John Simpson's picture
Date:Dec 19, 2000
Topic:The World of Words: OED
Duration:One hour

Considered the final authority on the English language, the Oxford English Dictionary (OED) is a 20-volume guide to more than half million words. John Simpson has been with the OED for nearly a quarter century. He has been the Chief Editor of the Dictionary since 1993 and is currently working on its third edition. You can read his biography at the OED site.

Transcript of the Chat

Anu Garg (Moderator)
Welcome to the inaugural chat at Wordsmith! Today we have the pleasure of having John Simpson, Chief Editor of the Oxford English Dictionary (OED) as our guest.

This is a moderated chat.

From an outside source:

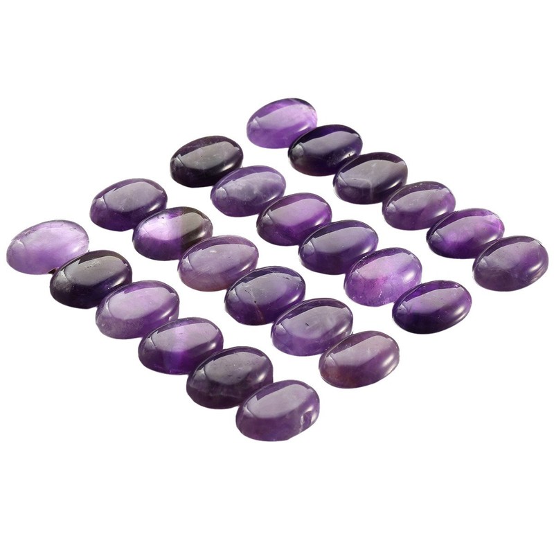 - Quantity: 5; half oval shape; size: 22 x 30 mm; material: amethyst; each weight: approx. 7 g. Box contents: 5 x cabochons, 1 x gift bag

The topic of discussion is `The World of Words: OED'. For the next sixty minutes, we will talk about words, dictionaries, lexicography, and OEDs & ends.

Welcome, John!

John Simpson (Guest Speaker)

Bingley -- Indonesia
I'd like to ask to what extent the changes in the new edition come from changes in the language, and to what extent they reflect changes in lexicographical method or new information about the language in the past.

John Simpson (Guest Speaker)
Well, that's quite a big question. "Both" is the answer. The OED hasn't been updated in full for a hundred years, so there is a lot of material to take account of. And I hope we are tightening up the editorial policy too where it needs it.

First, what is the future of the hard copy dictionaries?

John Simpson (Guest Speaker)
Either they will carry on in parallel with online reference texts, or they will dwindle away. I rather think they will carry on in parallel for some years to come at least.

Cathy Vickio - USA
Can a word be nominated for inclusion in the dictionary?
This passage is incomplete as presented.